About
Posted at TimesofSanDiego.com on 7/28/19
RUN DATES: 7/25/19 – 8/4/19
VENUE: Loud Fridge Theatre Group
People like to categorize and dichotomize. Ambiguity is unsettling. But ambiguity abounds in “Straight.”
Emily thinks she’s in a monogamous relationship with Ben. She can’t understand why, after five years, he’s still reluctant to move in with her. What she doesn’t know (and for her own sundry reasons, doesn’t probe too hard to find out), is that he’s simultaneously seeing Chris, a young college guy he met on Tindr.
Love is a slippery thing: unpredictable, sometimes unexpected, confounded by issues of identity, self-awareness and self-acceptance. The lines around all those sexual identity boxes are getting blurrier by the day.
How all this plays out unfolds slowly in the one-act, “Straight,” now having its West coast premiere courtesy of a new theater company in town: Loud Fridge Theatre Group.
The play accretes in short scenes that often seem to go nowhere, but they do ultimately add up. In the current production, the proceedings are made even slower by unnecessarily long blackouts between scenes.
But interstitial pacing is the only weakness in this otherwise robust production, co-directed by three women: two are also well-regarded local actors—Kate Rose Reynolds and Andréa Agosto—joined by new San Diegan Leigh Akins, who recently directed and performed at Scripps Ranch Theatre.
Reynolds and Agosto are co-founders of LFTG, with John Wells III, a familiar presence on local stages, who is the new company’s artistic director and this show’s production manager.
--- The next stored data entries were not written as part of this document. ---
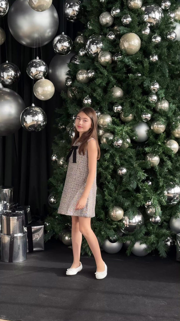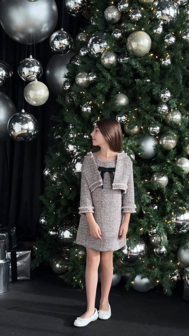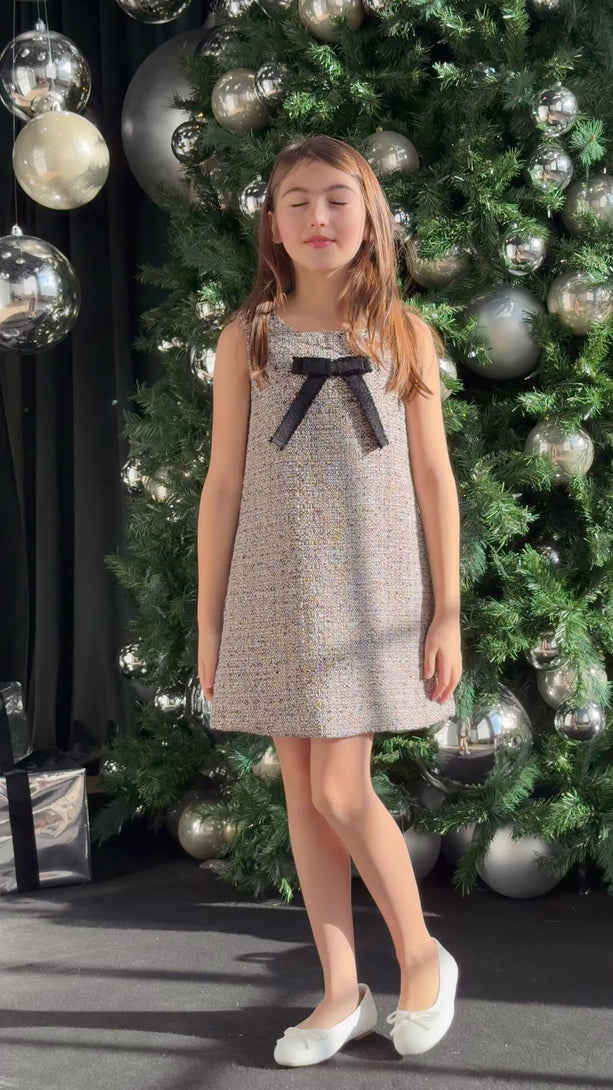 Chic and timeless, the Bianca SF64 dress offers a refined look for any girl’s special occasion. Crafted from soft pink and black tweed with subtle sparkle, this dress blends classic elegance with a playful, modern touch. The fitted bodice features a clean round neckline highlighted by a delicate bow at the waist. The lightly flared skirt flows gracefully, creating a polished yet comfortable silhouette. Perfectly styled with coordinating outerwear, the Bianca DF64 dress balances structure with charming detail.
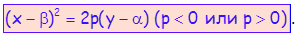 Једначинапредставља коначни облик једначине параболе, која припада десној полуправи, има теме у координатном почетку, а оса јој се поклапа са осом.
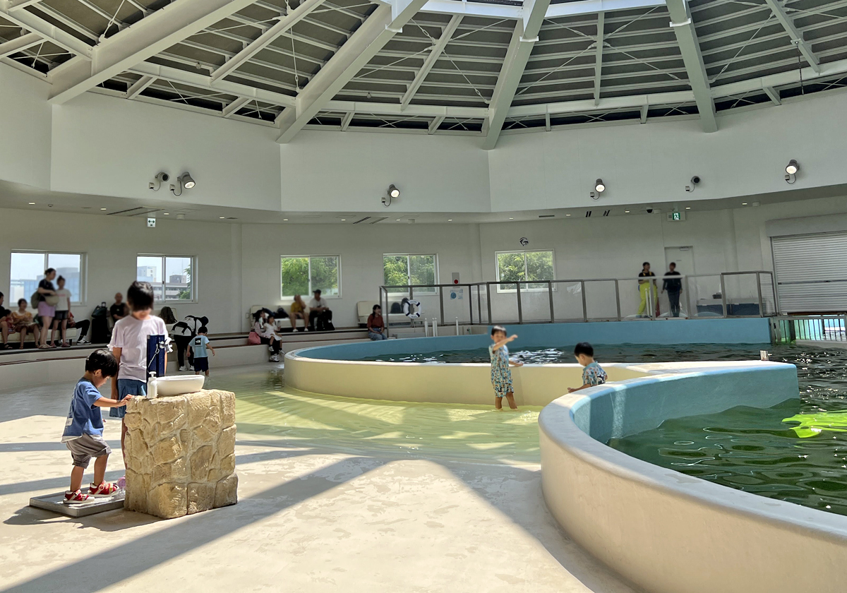 園區在水池旁打造仿海灘的淺水區,小朋友看海豚時,還能踩踩水玩玩水。
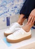 Walk in luxury with our Blanca flatform trainers. Made from premium faux leather, these trainers feature an elevated 4.5cm platform design with laces for a secure fit and a cushioned insole for maximum comfort..
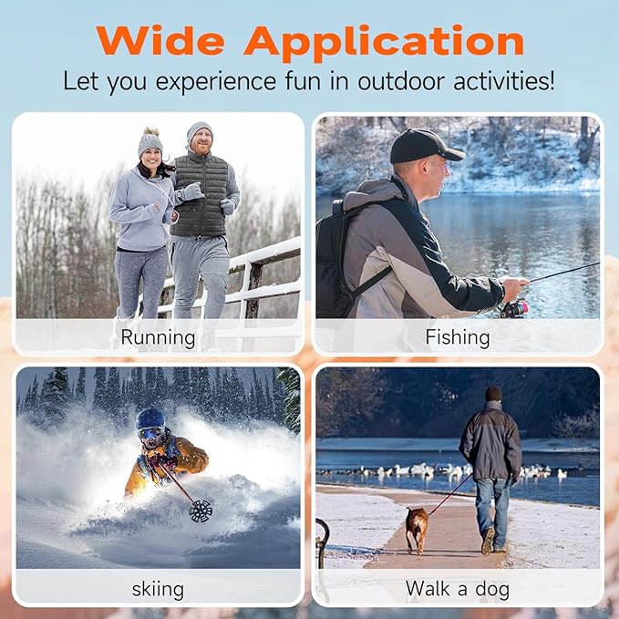 • [SMART 5-IN-1 BUTTON] :Features 3 adjustable heat levels (149°F, 131°F, 113°F) and 3 independent zones. One-touch control lets you adjust warmth easily, even with gloves. Discreet light-off design allows you to stay heated without the glow—ideal for night work, hunting, or outdoor activities.
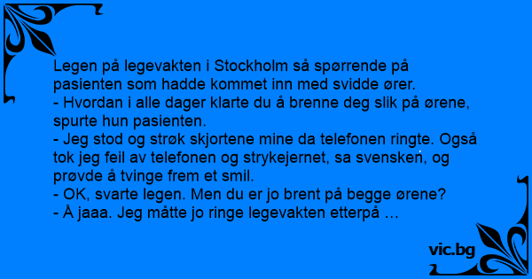 Hos lægen. "Hvordan kunne du brænde ørene?" "Jeg stod og strøg tøj, da telefonen pludselig ringede. Og så tog jeg fejl af telefonen og strygejernet!" "Men du har jo brændt begge øre..." "Ja, jeg...
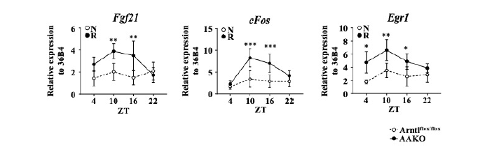 2において、脂肪細胞で体内時計の機能低下が起こることでインスリン感受性が⾼まることがわかりました。そこでインスリン感受性に関わるホルモン類を解析したところ、AAKOマウスの脂肪組織において、FGF21量が増加していることが明らかになりました(図3)。FGF21が細胞に作⽤すると、cFosやEgr1といった遺伝⼦の発現量が増加することが知られています。AAKOマウスの脂肪組織でもこれらの遺伝⼦発現量は増加しています(図3)。すなわちAAKOマウスでは、FGF21の量も活性も増加していることが⽰されました。
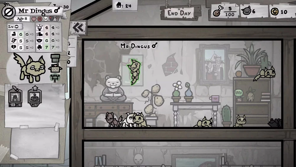 根据你的策略,培育猫咪,组建终极喵喵大军,派他们踏上颇具深度和难度的回合制冒险之旅。抽选能力,获得物品,改变影响数代的遗传特性,享受这款类Rogue策略游戏,感受《以撒的结合》与《终结将至》作者的创意和设计。

Reynolds is also credited with lighting design.
The aim of the new group is “telling stories that are bold, honest and diverse—and telling them loudly.”
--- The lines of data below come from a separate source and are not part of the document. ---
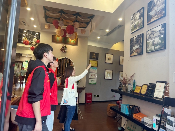 在社区负责人和老师们的带领下,同学们沿着嶂青幸福湾休闲景观带参观,感受无锡市美丽乡村示范村的乡土文化。沿途中,同学们深入果园,体验山楂采摘的乐趣,感受“民宿集聚村”嶂青的品牌。走进茶园、品茶香、探茶趣,茶厂需要机器研发人员根据茶品非标定制的机器,让机器人专业的胡董兵认识到工人机器人专业在农业领域也可以大有作为。
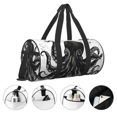 Classic Black Octopus Duffle Bag for Women Men Personal Item Travel Bags Canvas Weekender Overnight Bag Lightweight Sports Tote Gym Bags Carry On Luggage Bag 5
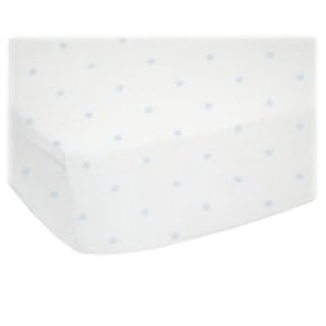 Product Description : This luxurious plush 100% cotton "jersey knit" sheet is what your baby deserves to sleep on. Our sheets are made of the highest quality fabric that's measured at 150 gsm (grams per square meter). That means these are softer than your favorite t-shirt, and as soft as flannel. Sheets are made with deep pockets and are elasticized around the entire edge which prevents it from slipping off the mattress, thereby keeping your baby safe. These sheets are so durable that they will last all through your baby's growing years. We're called sheetworld because we produce the highest grade sheets on the market today. Features a tiny blue pindot printed on a solid white background.
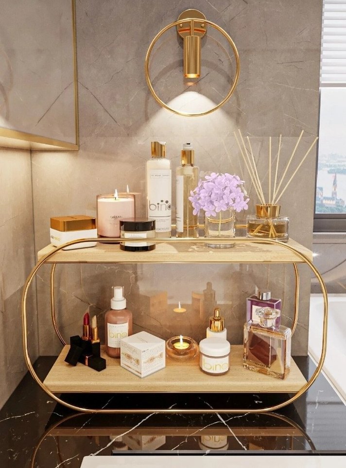 Altın renkli, açık renk ahşap tabanlı, çeşitli kozmetik ve parfümler için modern tasarımlı makyaj organizeri.
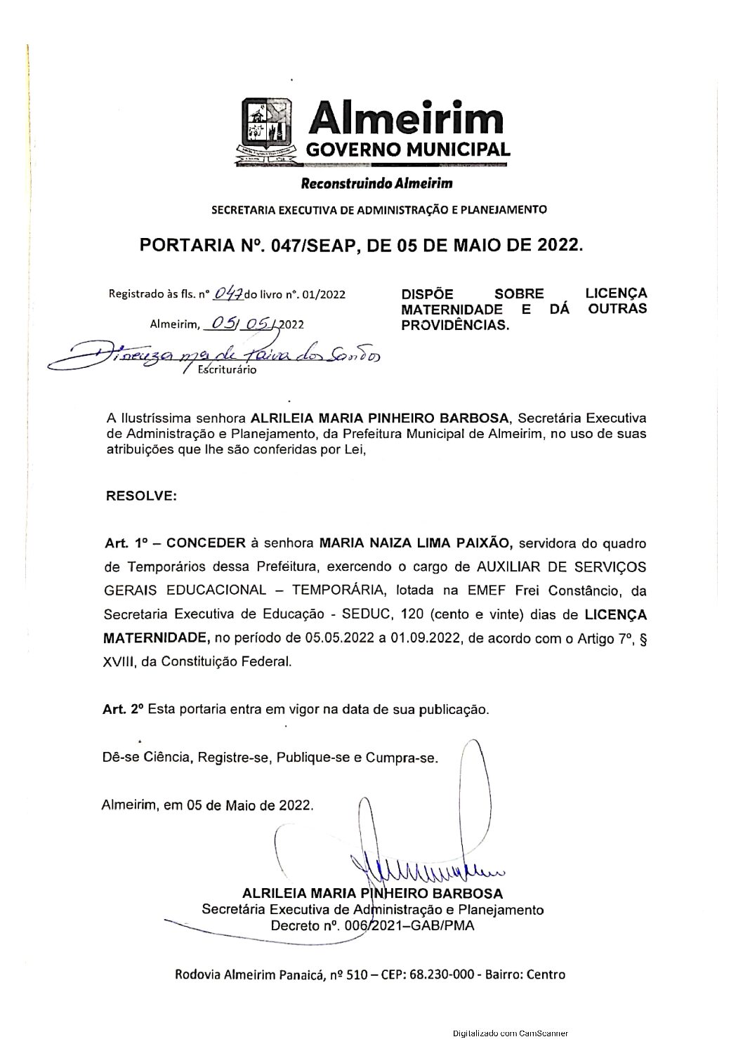 Portaria nº 047-2022 SEAP – Dispõe sobre Licença Maternidade a Servidora Maria Naiza Lima Paixão.

Fortunately, that mission doesn’t carry over into their acting style. The three performers deftly bring shading and nuance to their characters, each self-involved and self-deceiving in their own way.
Wells’ Ben is a tightly-wrapped 26 year-old investment-bank drudge, who works too much—and uses work as an escape-hatch when needed. Alcohol, which, along with sports-watching, is his second commonality with the not-that-much-younger Chris, also helps dull his fraught, uncertain state.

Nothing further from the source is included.